CHRIST ANDERSON AHOUA: « LES ENTREPRENEURS N’ONT PAS SEULEMENT BESOIN DE GAGNER DES PRIX À TOUT VA. ILS ONT SURTOUT BESOIN DE POUVOIR COMMERCIALISER LEURS IDÉES »

Tenter de décrire Christ Anderson AHOUA en un seul mot ou même en une seule phrase est un exercice risqué tant l’homme est riche de ses expériences. Ancien footballeur professionnel, il a la lucidité de dire aurevoir à une carrière qu’il ne trouvait pas exceptionnelle et décide de se battre pour se trouver une nouvelle orientation qui lui permettra d’exprimer sa culture et son potentiel. Christ Anderson AHOUA se définit d’abord comme un Africain. Pas tant par sa couleur de peau, mais parce que pour lui il est difficile de savoir où l’on va sans rester connecté à ses origines. Africain ensuite parce que loin de ceux qui pensent connaitre le continent à travers de vaines paroles, il contribue au quotidien à trouver des solutions aux problématiques énergétiques rencontrées dans les différents pays du continent que ce soit auprès des états ou des start-ups. C’est un homme avenant et droit dans ses bottes qui nous a reçu au sein des locaux d’Electricité De France (EDF) pour partager avec nous de manière factuelle, les actions concrètes qu’il a mené au sein d’EDF en tant que Business Développer pour la région Afrique et Moyen Orient.
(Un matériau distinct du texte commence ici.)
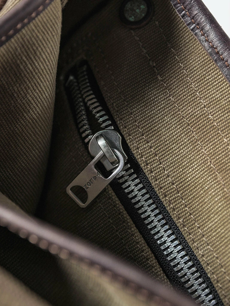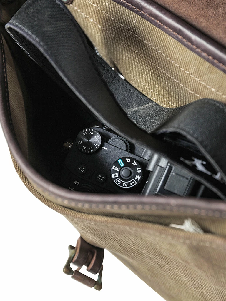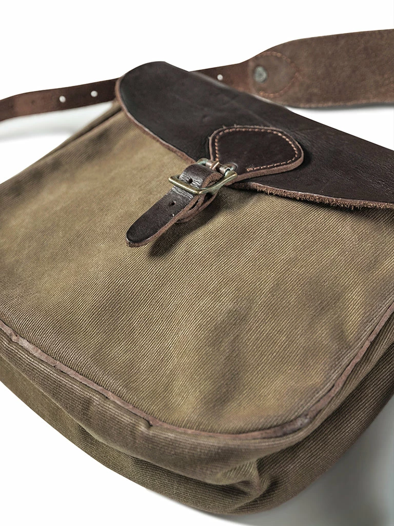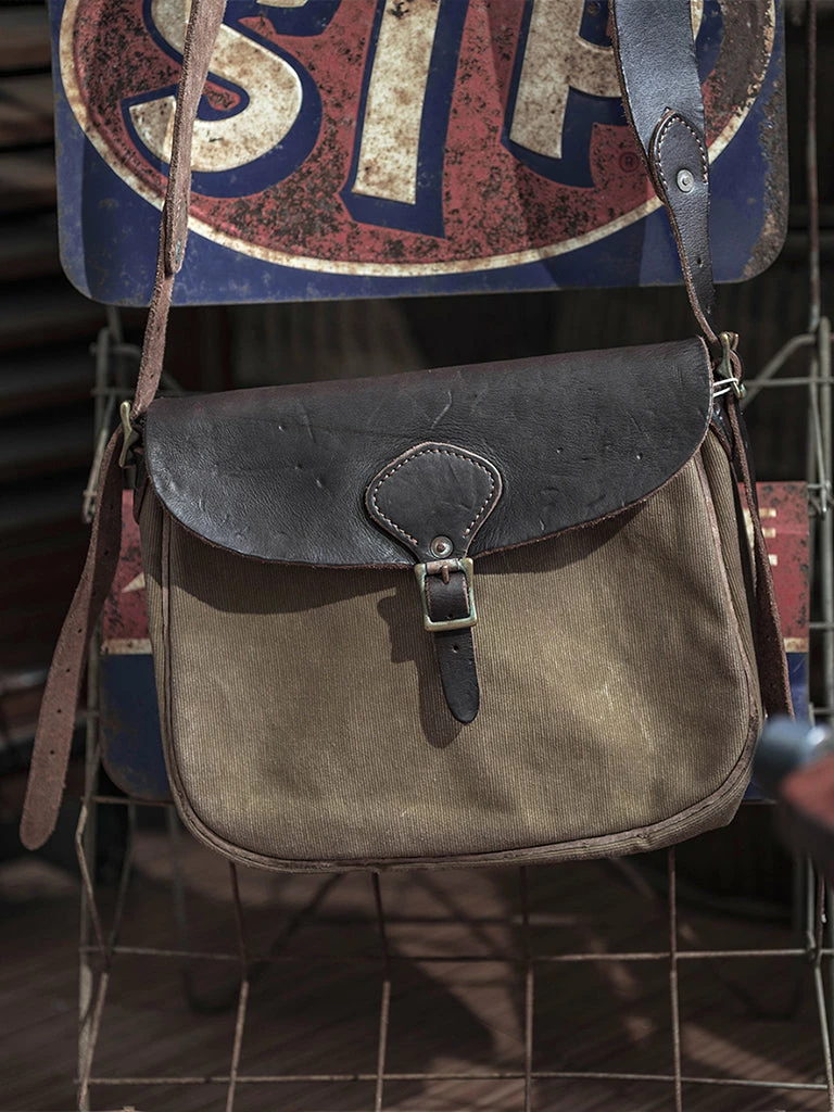 Based on a World War I US Army bag. It’s medium-sized, Italian imported 4mm vegetable tanning leather as the bag flap and strap part, encrypted 25 oz canvas for the main body, after the production, the whole bag was washed with the vintage wash. After a long time of use, it will become more beautiful.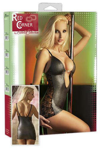 This black mini dress, emphasising beautiful female curves...The flowal lace inserts on the sides and the rhinestone adornment between the breasts bring a romantic touch into play. Slightly transparent with a soft shimmer. Adjustable straps. 82% polyester, 10% polyamide, 8% elastane.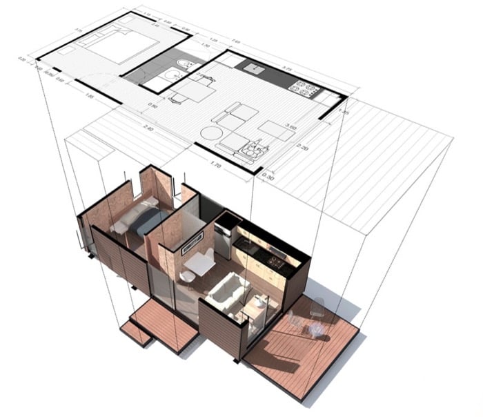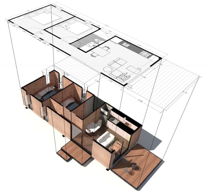 Estamos ante unas viviendas que se fabrican bajo pedido y luego se envían desmontadas al cliente. Luego son ensambladas en el sitio, de una manera rápida y sencilla, empleando un reducido número de herramientas. Su diseño es simple, sin demasiados arficios, pero muy práctico y con buenas proporciones espaciales. Cada uno de los modelos cuenta con una sala para las funciones de la cocina, comedor, y estar. Los dormitorios y cuartos de baño se distribuyen aparte. La sala dispone de puertas correderas que facilitan la entrada de mucha luz natural, y conecta a una terraza exterior.
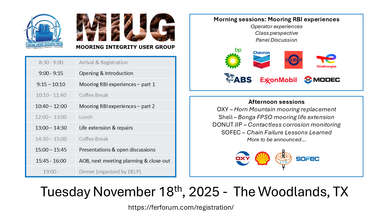The Mooring Integrity User Group (MIUG) is an open, informal, one-day forum dedicated to sharing lessons learned in mooring integrity – good and bad. It addresses all aspects of the mooring life-cycle, from design, manufacturing, installation, operations all the way through decommissioning, and anything that touches on it. The typical focus is on permanent offshore mooring systems with anchor legs (oil & gas, and FOWT), but shallow water solutions, and jetty-type moorings are sometimes addressed as well.

Inspire Afrika : Merci de nous recevoir M. AHOUA. Pouvez-vous vous dire comment vous arrivez chez EDF ?

Christ Ahoua :  Je suis Christ Ahoua Anderson, j’ai 43 ans, marié et 03 enfants, ex footballeur. Oui, j’ai un parcours atypique et je l’assume complètement. J’ai commencé en tant que footballeur professionnel. Je suis parti de chez moi à l’âge de 15 ans et j’ai rejoint le centre de formation du FC Nantes. Ensuite, j’ai pris mon baluchon et je suis allé à la conquête de l’Europe. J’ai signé mon premier contrat professionnel en Suisse et j’ai été prêté en Italie pendant 04 ans. Après j’ai été prêté à droite et à gauche, notamment en Norvège et en Angleterre. Par la suite, j’ai décidé de rentrer en France où j’ai connu une carrière en dents de scie. Elle a été assez courte alors je m’en suis lassé. C’est quand mon dernier agent feu Jean-Luc SASSUS, un ancien joueur du PSG, m’a proposé de jouer en Roumanie que j’ai eu la lucidité de dire stop. J’avais 24 ans à l’époque et je venais d’avoir mon premier garçon. Je lui ai demandé de me trouver un club de CFA ( Championnat de France 3e division) avec un boulot à côté. Je ne voulais plus courir après une chose pour laquelle j’avais sacrifié ma jeunesse et qui ne m’avait pas permis de réussir comme les autres. J’ai rejoint un club de 3e division en région Toulousaine qui avait pour sponsor, une boîte d’intérim. Pendant la saison, j’étais en mission d’intérim sur un plateau clientèle de dépannage gaz. A l’époque, je ne m’y connaissais pas, je parlais juste des langues étrangères que j’avais apprises grâce au foot. J’y ai travaillé 2 ans tout en jouant au foot en parallèle.  J’ai eu l’opportunité de retourner sur les bancs de l’école en répondant à une annonce en interne qui disait : « donner un élan à votre carrière en 04 ans ». Mon entreprise m’a permis de reprendre mes études en série littéraire et de devenir cadre. Quatrième sur 22 au concours, j’ai étudié pendant 02 ans à l’Université Paris 10 Nanterre puis 02 ans à ESC Grenoble. J’ai intégré rapidement la direction de la communication du groupe EDF ( Électricité De France) au sponsoring sportif où je suis resté pendant 08 ans.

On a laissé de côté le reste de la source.